Il existe des faux positifs et des faux négatifs.
Traitement :
A) Curatif :
Antibiothérapie : chloramphénicol PO = 50 mg / kg ; ampicilline
= 50 mg / kg ; cotrimoxazole PO = 60 mg SMX + 12 mg TMP /
jours pendant 10 jours
Ciprofloxacine PO = 10 mg / kg / jour pendant 5 à 7 jours
Ceftriaxone IM ou IV 60 à 80 mg / kg / J en 1 injection pendant
5 jours.
Mesures hygiéno-diététiques :
Déclaration obligatoire ; isolement du malade en
hospitalisation avec sanitaire et vaisselle personnels ;
désinfection régulière du linge et des excrétas ; apport
nutritionnel suffisant ; hydratation.
Symptomatique : antipyrétique ; transfusion dans les
hémorragies ; remplissage et corticoïdes dans le collapsus ;
chirurgie + métronidazole et aminoside si péritonite
Surveillance : pouls ; température ; TA ; selles ; abdomen ;
conscience ; ECG.
B) Préventif :
- Hygiène individuelle : lavage des mains et collective :
hygiène et assainissement.
- Dépistage des porteurs sains
- Vaccination: Typhim Vi.
SIDA PEDIATRIQUE
I. Définition- généralités
Le SIDA est le stade le plus avancé de l’infection VIH. 1er cas
découvert en Amérique en 1981. Mali : 1985. Le virus du
VIH1 est isolé en 1983 et le VIH2 en 1986
II. Epidémiologie
Plus de 40 millions de cas dans le monde ; 2,5 millions
d’enfants infectés dont 90 % en Afrique au sud du Sahara ;
500 000 décès ; 700 000 nouveaux cas dans le monde.

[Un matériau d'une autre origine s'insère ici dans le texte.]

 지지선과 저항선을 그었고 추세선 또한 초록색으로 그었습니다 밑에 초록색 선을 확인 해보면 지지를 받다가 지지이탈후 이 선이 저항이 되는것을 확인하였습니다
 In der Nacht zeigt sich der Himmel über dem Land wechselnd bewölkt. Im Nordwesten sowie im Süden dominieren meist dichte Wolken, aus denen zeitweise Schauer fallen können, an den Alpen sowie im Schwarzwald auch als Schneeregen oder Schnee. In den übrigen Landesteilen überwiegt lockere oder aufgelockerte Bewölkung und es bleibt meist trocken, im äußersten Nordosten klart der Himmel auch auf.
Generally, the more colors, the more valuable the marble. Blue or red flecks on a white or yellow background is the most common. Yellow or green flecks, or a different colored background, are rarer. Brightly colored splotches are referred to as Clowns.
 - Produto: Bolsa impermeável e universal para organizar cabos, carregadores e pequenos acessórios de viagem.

Le virus appartient à la famille des rétrovirus. Il est présent
dans le sang, le sperme, les ganglions et les cellules
lymphocytes CD4. Le VIH entraîne un déficit des
lymphocytes CD4.
La transmission verticale est la plus fréquente chez l’enfant
encore appelée transmission mère enfant : 90 % des cas.
Elle se fait pendant la grossesse, l’accouchement et
l’allaitement (14 %).
La transmission horizontale est plus rare chez l’enfant :
sexuelle, sanguine : transfusion, matériels souillés,
scarification, excision….
III. Clinique
Manifestations cliniques : tous les organes peuvent être
atteints :
Manifestations pulmonaire : pneumonie interstitielle
lymphoïde ; cardiaque : cardiomyopathie ; rénale : atteintes
glomérulaires ; digestive : diarrhées ; oculaire :
microvasculopathie ; hématologique : thrombopénie ;
infection à germes banals plus ou moins sévères ou
répétées ; les infections opportunistes (pneumocystis
carinii, candida albicans, CMV, mycobactéries atypiques.)

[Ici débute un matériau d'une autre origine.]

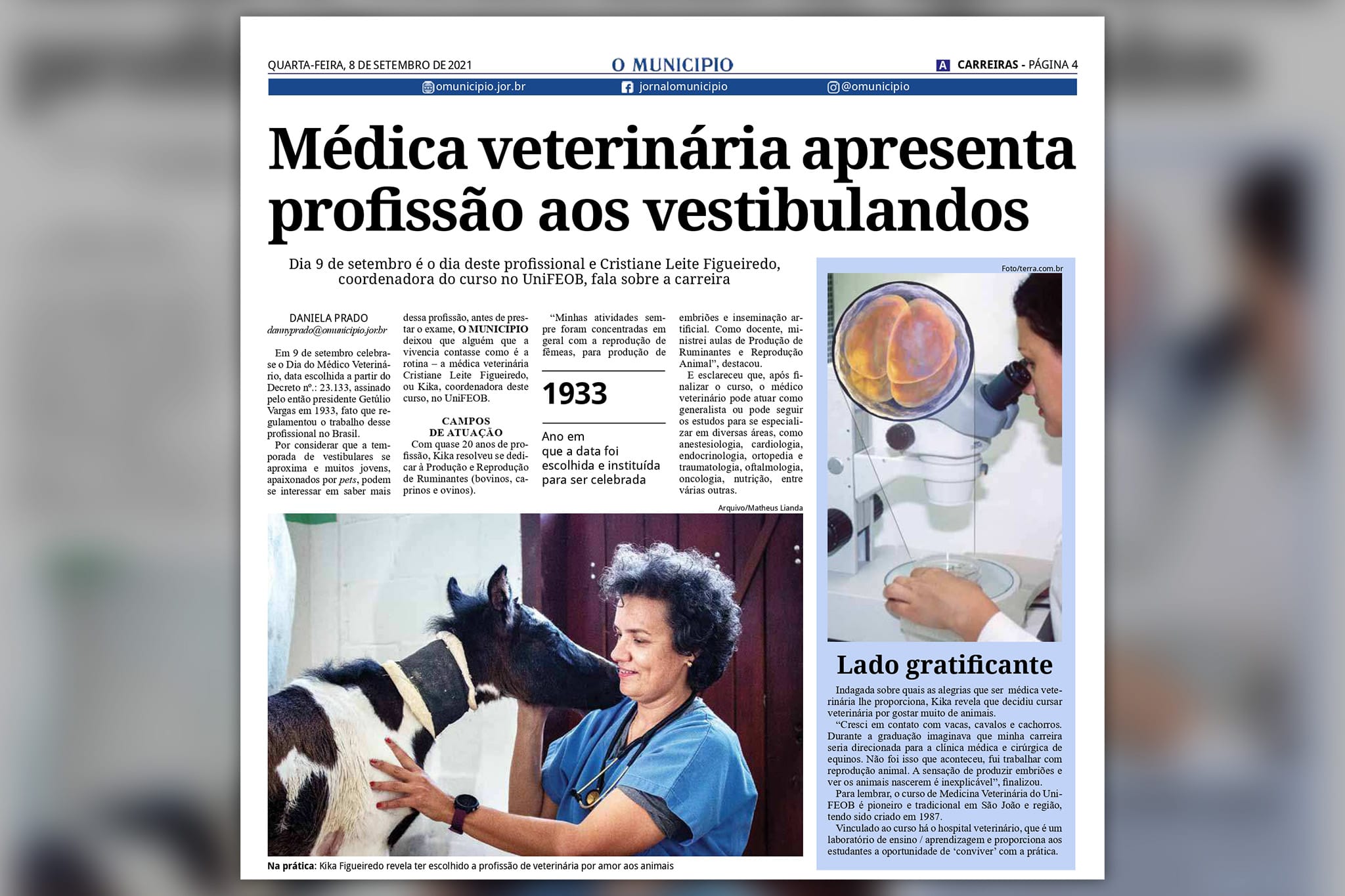 Em comemoração ao Dia do Médico Veterinário, celebrado em 9 de setembro, o jornal O Município prestou uma grande homenagem aos profissionais da área com uma entrevista com a coordenadora do curso de Medicina Veterinária da Unifeob, Cristiane “Kika” Figueiredo. Escrito pela jornalista Daniela Prado, o conteúdo foi o destaque da edição desta quarta-feira (8).

Les néoplasies sont plus rares chez l’enfant.
Formes évolutives : 2 formes chez l’enfant
- Forme grave : 15-20 % cas. Elle est précoce, avec
adénopathie, hépato- splénomégalie, infections
sévères répétées, troubles nutritionnels,
neurologiques. Evolution spontanée fatale en 4- 5ans.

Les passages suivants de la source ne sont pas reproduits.